To test whether our final series is robust against the choice of the primary BB observers, we repeated the same analysis for different BB combinations. We used all possible combinations of highquality longlasting observers over four different intervals: (1) RGO (1900–1976), Koyama (1947–1984), Mt Wilson (1923–1958); (2) Wolfer (1880–1928), Quimby (1889–1921); (3) Schmidt (1841–1883), Spoerer (1861–1893), Weber (1859–1883), Wolf (1848–1893); (4) Schwabe (1826–1867), and Stark (1813–1836). This led to 48 alternative reconstruction series. Additionally, we constructed two more series by replacing Kanzelhöhe (1957–2010) with Cragg (1947–2009) and Locarno (1958–2010) and keeping all the other BBs as in the main series. Thus the total number of various GSN reconstructions was 50. We also included Flaugergues and Horrebow BBs in all series, but excluded the standalone BBs. The reference observer was chosen between RGO, Koyama, and Mt Wilson. Locarno has been excluded from all composites and our main series, however, we include it here as a BB to evaluate its effects on the calibration. We note that Quimby, as an individual observer, has overlap only with RGO, Wolf and Spoerer, while Stark has no overlap with any other BB observer used here. Thus, many of these auxiliary series result from disconnected BBs and are sometimes based on poor statistics. They can be used to assess uncertainties related to the BB selection, but as individual series, they are much less reliable than our main composite series. In this process, we did not exclude any other observers except those automatically rejected by the code (Sect. 3.3). The selection of observers within the BBs was performed automatically and may, of course, differ from those listed in Tables A.1–A.7.

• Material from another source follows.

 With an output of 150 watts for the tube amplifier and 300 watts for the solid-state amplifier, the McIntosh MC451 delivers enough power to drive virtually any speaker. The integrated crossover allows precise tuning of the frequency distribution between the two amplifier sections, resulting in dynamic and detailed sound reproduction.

Figures 10 and 11 show the differences between our main series and the different auxiliary series, described above. The difference is mostly within the ± 1σ interval. Moreover, if the three main BB observers, i.e. RGO, Wolfer, and Schwabe, are fixed, the differences among the reconstructed series are quite small (Fig. 11) and, thus, the choice of other BBs is not important. Using Koyama as the BB observer instead of RGO leads to systematically lower counts of sunspot groups (see blue curve in Fig. 10), but these counts are still within the 1σ error bars.

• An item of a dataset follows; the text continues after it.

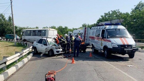 Автобус столкнулся с легковушкой на Кубани, пострадали пассажиры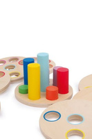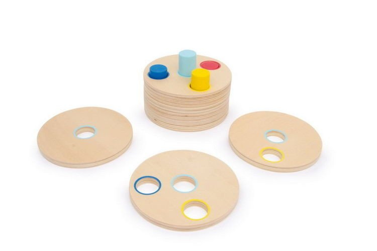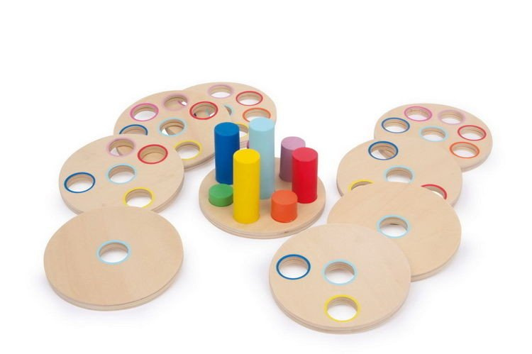 Patrz dokładnie, zastanawiaj się, wypróbuj i wciskaj odpowiednio - super gra do szkolenia motoryki i koordynacji wzrokowo-ruchowej! 8 stabilnych tarcz (grubość 1 cm) ze starannie wygładzonego sklejki do wciskania na kolorowe patyczki. Ponieważ patyczki są różnej długości i każda tarcza ma inną ilość otworów, rozwiązanie jest tylko jedno.

Thus, we can conclude that the method is stable regarding the exact choice of the BB observers with the potential uncertainty lying within the formal error bars.
Fig. 11 Difference between the main reconstructed series and the auxiliary series produced with different backbone combinations that include RGO, Wolfer, and Schwabe. Grey shaded area represents the ±1σ uncertainties of the main series. 
4.2.2. Shape of the matrix
The majority of the calibration matrices constructed for individual observers have a shape (see Fig. 3) similar to that expected from synthetic data with an artificial acuity threshold applied (Usoskin et al. 2016a). This implies that the quality of an observer can be adequately quantified by his/her acuity observational threshold. However, distorted behaviour was found for some observers during periods of high solar activity, so that an observer, who is “poor” (counting less groups than the reference observer) during periods of low and moderate activity, may appear to report more groups during solar activity maxima as if he/she were a better observer than the reference observer. This is caused by the low statistics and such columns in the matrix were replaced by the fit (Sect. 3.3). In the case in which this behaviour occurred over an extended region of the matrix, the observers were rejected by the code.
Fig. 12 Differences between the main annual reconstructed G series and those based on the reference RGO dataset for 1874–1976 and for 1916–1976 (blue and red, respectively). The grey shaded area depicts the ±1σ uncertainties of the main series. 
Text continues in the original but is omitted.